A Big Personality

A Big Personality

October 22, 2022 8 By Yve Harrold

I loved climbing trees as a kid. What an adventure – finding my way up and through the maze of limbs and examining the rooftops of neighboring homes feeling like I was being let in on some secret.

As an adult, I don’t climb trees anymore (well, almost never), but I connect with them in different ways. Walking under their arms. Taking in their scent. Gently touching their bark as I pass. Listening to their voices in the wind.

I recall having a real affinity for a tree when I was visiting the Biltmore Estate in North Carolina many years ago. On this particular day, I didn’t go into the mansion. I went there specifically just to walk through the gardens. There was a large Purple Beech tree just down the hill at the side of the majestic drive, and I sat under it for a break in the shade. I had a powerful feeling of gratitude for the life of the tree and how each leaf threaded together to make an umbrella for me. I remember closing my eyes and meditating in some way. I didn’t want to leave it’s shelter. I suppose it was the first time I came to understand that trees were sacred. They are incredible symbols of life, living, and death.

Earlier this year while visiting Paul and Amy, two of Tim’s and my best friends, we took our usual walk in the woods behind their home. There are several hiking trails, and it was as green and lush as a North Carolina forest would be in the spring. It is always quiet there, and I will speak for each of us and say, I know we find a lot of peace in those trees, and Tim always did as well.

Paul mentioned that a few weeks earlier, he had come across a very large tree that had fallen, and it had been on his mind. We walked down the same trail and found the tree about a mile in.  We paused there  for a while studying the beauty of the tree, estimating its age, and wondering what had happened to what appeared to be a healthy tree.

Later that evening as Paul and I sat quietly on their deck, satisfied from a great meal and a glass of red wine, he shared what he’d been ruminating on for a while. Paul talked about how as people age they may die more naturally. We gradually slow down, the body weakens and often becomes diseased in some way. This is also true for an old tree that begins to disintegrate and fades back into the earth. Dust to dust. There is less destruction in this type of death. The death of this tree has a lower impact as it slowly crumbles. Although we never want to lose a tree, a life. We expect death with age. We do know that it’s coming.

But the tree he had found in the woods, it wasn’t that old. It appeared healthy. That big tree was symbolic of Tim.

People have described Tim as having a big personality. I never said that about him, but many others did. In a room of people, he generally didn’t take up a lot of space, but if you were near him, you would see and feel the punch. And the more you got to know Tim, you would recognize that “bigness.” I think it came from all the energy he put towards what he loved, the action potential (Revisit my post: It’s about time), his way of thinking through all kinds of things, and the generosity that came from his very big heart.

The first time I shared with Tim that a colleague of mine had said he had a “big personality”, his face lit up. I think mainly because he spent so much time in his head and often saw himself as pensive and misunderstood. But he wanted to be seen.  I was the one person who saw more of his quiet, but looking back, I certainly know that, yes, it was true. His personality was big. Like that tree.

So things happen, and even the big trees come down. We don’t always know why. The foundation may be weak, perhaps not well rooted. There may be an underlying disease. There is wind and lightening. And by all accounts even when that big tree looks mighty and invincible, storms happen. Yes they do. And when it falls, with those extended limbs that are reaching out to shade and shelter, things in its path may be damaged or destroyed. The big strike, the unexpected fall of the tree, causes trauma in its wake.

There was a lot of damage surrounding the fall of this big tree. Those smaller trees, branches from other trees, all within its reach. Many snapped, broken or taken down. This is like the sudden and unexpected end of a life. The end of plans for the future. Those moments that I thought Tim would be there for. The role he would play in other’s lives – his daughter, his patients, his family, friends, and those he was so incredible at mentoring. Those lines were severed unexpectedly. Those limbs were broken when the big tree toppled.

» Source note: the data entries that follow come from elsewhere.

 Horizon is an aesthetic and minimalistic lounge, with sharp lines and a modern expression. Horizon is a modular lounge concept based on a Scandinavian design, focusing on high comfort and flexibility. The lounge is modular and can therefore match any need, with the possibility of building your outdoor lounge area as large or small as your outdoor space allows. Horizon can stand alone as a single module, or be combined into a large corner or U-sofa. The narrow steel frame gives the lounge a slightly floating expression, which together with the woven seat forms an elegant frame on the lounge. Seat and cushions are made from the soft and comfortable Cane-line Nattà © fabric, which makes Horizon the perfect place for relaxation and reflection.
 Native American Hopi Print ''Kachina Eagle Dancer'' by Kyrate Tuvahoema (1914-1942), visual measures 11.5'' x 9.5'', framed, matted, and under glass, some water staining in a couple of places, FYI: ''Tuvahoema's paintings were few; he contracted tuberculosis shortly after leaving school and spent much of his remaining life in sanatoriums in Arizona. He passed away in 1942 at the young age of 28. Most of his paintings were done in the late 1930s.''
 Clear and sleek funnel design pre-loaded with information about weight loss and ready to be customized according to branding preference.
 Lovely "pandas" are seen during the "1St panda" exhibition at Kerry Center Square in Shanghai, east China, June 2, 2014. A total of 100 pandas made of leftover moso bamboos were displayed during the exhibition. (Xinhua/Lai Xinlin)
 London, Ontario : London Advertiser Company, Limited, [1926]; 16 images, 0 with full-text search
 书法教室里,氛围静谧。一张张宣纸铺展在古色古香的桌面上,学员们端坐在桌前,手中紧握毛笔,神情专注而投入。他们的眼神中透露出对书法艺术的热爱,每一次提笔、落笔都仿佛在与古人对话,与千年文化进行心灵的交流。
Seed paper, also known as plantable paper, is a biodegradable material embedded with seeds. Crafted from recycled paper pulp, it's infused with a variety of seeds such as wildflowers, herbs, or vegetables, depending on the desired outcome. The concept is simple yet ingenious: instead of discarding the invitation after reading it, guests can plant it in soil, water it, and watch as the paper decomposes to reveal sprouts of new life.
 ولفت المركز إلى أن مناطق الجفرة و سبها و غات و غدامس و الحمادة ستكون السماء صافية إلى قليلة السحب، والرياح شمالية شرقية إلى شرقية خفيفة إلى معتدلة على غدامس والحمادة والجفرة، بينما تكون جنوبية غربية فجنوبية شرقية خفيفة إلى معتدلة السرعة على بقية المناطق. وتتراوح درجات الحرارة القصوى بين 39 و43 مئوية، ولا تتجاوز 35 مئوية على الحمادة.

Paul also pointed out that there was one medium-sized tree right next to the big one. He said, Yve this is you.

After this poignant discussion, I had to go back to that tree. I had a very brief opening the following day, and I ran the mile to the fallen tree. I examined it, walked on it, and sat with it. I cried, and I took photos. And yes, there was the medium sized tree standing right next to the one with the big personality, just as Paul said. It was even the shape of a “Y”.

Tim the big tree. Me the medium tree. During our shared life, I had been comforted by the expanse of Tim’s branches. I was the beneficiary of his oxygen. I was also sometimes overshadowed, fighting for my own sunlight. My own branches were occasionally knocked asunder from the sway and the reach of that big tree. But always, I was there looking up, admiring this majestic life.

In the fall of the big tree, the top of the medium tree had been knocked off. But it was still standing. It was rooted. It was grounded. As Paul said, strong, but not unbroken, forever changed, and still growing.